G. Fees- Baystate Interpreters . reserves the right to implement fees to govern our business at will. Documentation of these fees will be provided in hard copy with payroll an emailed. Late Arrivals- if an interpreter arrives late to an appointment and the appointment is cancelled because of this action, 5 no fees are paid. If an interpreter arrives late and the appointment continues, the interpreter forfeits the 2-hour minimum fee and will be paid for only time on appointment. Submitting Forms- if a vendor submits services forms late (beyond 48 hours of completion of the said assignment) a $10.00 late fee will be billable. Additional fees may apply for forms submitted after seven business days past completion of the assignment. Returned Appointments- once an interpreter accepts an appointment they will be assessed a fee if they choose to return the appointment to Baystate Interpreters. Item 13B notification precedes item 13G. Upon any returned assignment, Baystate Interpreters .reserves the right to determine if we choose to continue working with the contractor or terminate our working relationship. First offense is a $15.00 fee, Second offense is a $25.00 fee and returning an assignment within 24 hours will result in a $50.00 fee.

H. CONSENT FOR PRE-EMPLOYMENT, RANDOM, OR REASONABLE SUSPICION DRUG TEST SCREEN AND RELEASE COVENANT NOT TO SUE AND INDEMNITY AGREEMENT:

I (the Contractor) hereby CONSENT to allow Quest Diagnostics to take a specimen of my hair, urine, or blood and submit it for a pre-employment, random, or reasonable suspicion drug test screen. I FURTHER CONSENT to allow the laboratory testing service to make the results of such screen available to the prospective or current employer, Baystate Interpreters .

In consideration for such services being rendered on my behalf, I hereby RELEASE the laboratory testing service, its officers, agents, and employees, from any and all claims which I might otherwise have due to such results being made so available. I hereby CONSENT NOT TO FILE ANY ACTION at law or in equity against Baystate Interpreters ., the laboratory testing service, their respective officers, agents or employees in connection with the results of such screen being made so available, and I hereby agree to INDEMNIFY and SAVE HARMLESS Baystate Interpreters ., the laboratory testing service, their respective officers, agents, and employees from all damages, expenses, reasonable attorney's fees, and costs of court which they or any of them may suffer or incur, jointly or severally, due to the results of such screen being made so available.

This Agreement contains the entire understanding of the parties.

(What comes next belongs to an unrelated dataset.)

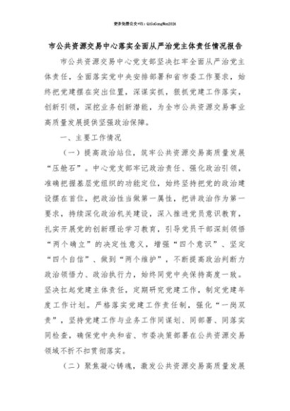 【七哥公文】2025年:【七哥公文】市公共资源交易中心落实全面从严治党主体责任情况报告+更多免费公文+VX:QiGeGongWen2024+更多免费公文+VX:QiGeGongWen2024

All prior or contemporaneous understandings, representations or agreements of the parties, whether oral or written are merged herein and shall no further independent significance. This Agreement may not be modified, altered or amended except by a subsequent written instrument signed by the party against whom such modification, alteration or amendment is sought to be enforced, which instrument specifically refers to this Section. The Agreement may not be assigned without prior written consent of the other party. This Agreement shall be governed by and construed by the laws of the State of Massachusetts and subject exclusively to its jurisdiction. This Agreement may be executed in counter parts. Facsimile or copied signatures created by the party to be bound by such signatures shall be deemed originals. The executory provisions of this Agreement shall survive the termination of this Agreement. IN WITNESS WHEREOF, the parties have executed this Agreement the date and year first set forth above.

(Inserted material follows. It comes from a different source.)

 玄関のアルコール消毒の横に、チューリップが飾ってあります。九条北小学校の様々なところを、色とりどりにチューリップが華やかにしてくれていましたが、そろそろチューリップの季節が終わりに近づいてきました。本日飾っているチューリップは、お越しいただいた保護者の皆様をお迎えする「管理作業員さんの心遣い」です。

The undersigned Contractor represents and warrants that he/she has never been terminated from previous employment or engagements as a result of use of illegal drugs, theft, misconduct, excessive tardiness or failure to follow employer’s or contracting party’s policies and/or procedures.

Contractor:

Accepted by Companies at Baystate Interpreters . any subsidiaries and affiliates there of:

Print Name:
Date:

Please sign your name, do not type or print.